Abstract
Background The heterogeneous phenotype and complex genetic architecture of Autism Spectrum Disorder (ASD) has thus far limited our understanding of genotype-phenotype correlations, hindering early diagnosis and patient prognosis. Copy Number Variants (CNVs) targeting a diversity of genes have been implicated in ASD, however correlations with clinical patterns are unclear.
Methods In this study, we developed a novel machine learning integrative approach that seeks to delineate associations between ASD clinical profiles and disrupted biological processes inferred from CNVs spanning brain-expressed genes.
Results Clustering analysis of relevant clinical measures from 2446 ASD cases, retrieved from the Autism Genome Project (AGP) database, identified two distinct phenotypic subgroups, with a milder and a more severe phenotype. Patients in the two clusters differed significantly in verbal status, ADOS-defined severity, adaptive behaviour profiles and intellectual ability, with verbal status contributing the most for cluster stability and cohesion. In the clustered ASD cases, functional enrichment analysis of brain-expressed genes disrupted by rare CNVs identified 15 statistically significant biological processes. These biological processes included cell adhesion, nervous system development, cognition and protein polyubiquitination and were in line with previous ASD findings. Random Forest feature importance analysis showed a positive contribution of all disrupted biological processes to the classification of ASD cases in the identified clusters. A Naive Bayes classifier was generated to predict the ASD phenotype from the identified disrupted biological processes.
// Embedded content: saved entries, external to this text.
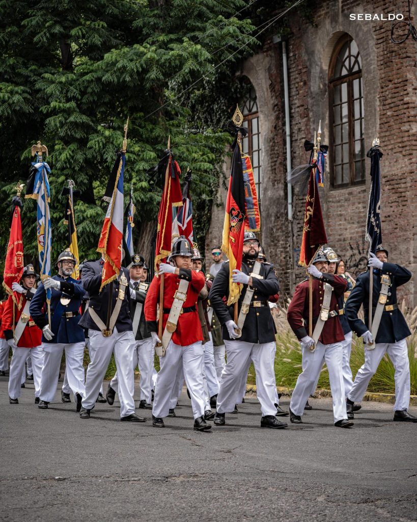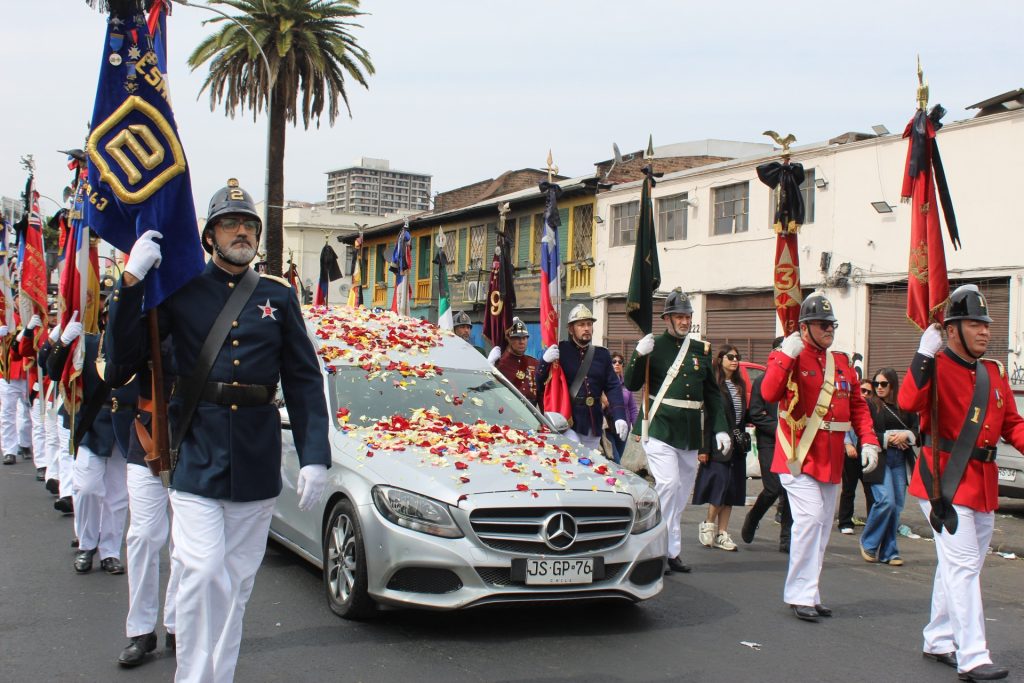 Ya en calle Santo Domingo esperaban las delegaciones de las Compañías del CBS, formadas y con sus estandartes de luto, para iniciar la marcha a los sones de la Banda Instrumental de la Institución. La formación la lideró el Superintendente, Gabriel Huerta; el Vicesuperintendente, Álvaro Lara Alba; el Alcalde de Santiago, Mario Desbordes Jiménez, y el Presidente Nacional de la JNCB, Juan Carlos Field, llevando el rumbo hacia el poniente por Santo Domingo hasta Morandé, donde doblaron hacia el norte para pasar por General Mackenna al oriente y cruzar el puente Las Vegas donde las y los floristas de la Pérgola, tras el paso de la formación, esperaron la llegada de la carroza motorizada que precedía a los voluntarios de la 6ª Compañía.
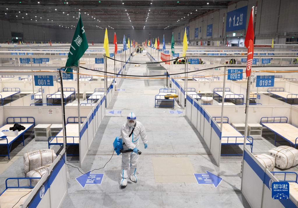 4月8日,工作人員在國家會展中心(上海)方艙醫院進行消殺處理。新華社記者 金立旺 攝
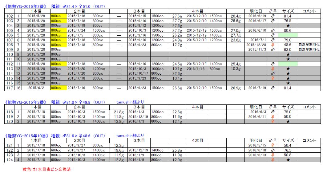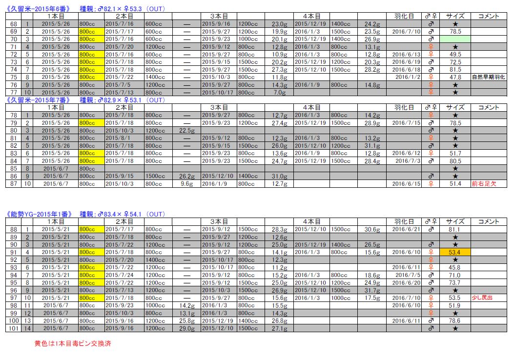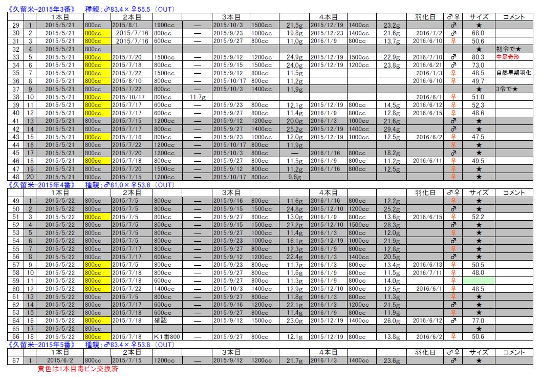 【画像2枚目】2016久留米-4番 種♂85.5×♀51.5 5/28初令投入⇒9/7交換(30.5g)

For a subset of patients with higher Information Content scores calculated for the disrupted biological processes, the classifier achieved predictions with a high precision but low recall (Precision: 0.82, Recall: 0.39).
Conclusions This study highlights the usefulness of machine learning approaches to reduce clinical heterogeneity by taking advantage of multidimensional clinical measures. Furthermore, it shows that phenotype-genotype correlations can be established in ASD, and that milder and more severe clinical presentations have distinct underlying biological mechanisms. However, precise predictions of the phenotype from genetic data were only achieved for the subset of patients with higher biological information content. These findings are therefore a first step towards the translation of genetic information into clinically useful applications, while emphasizing the need for larger datasets with complete clinical and biological information.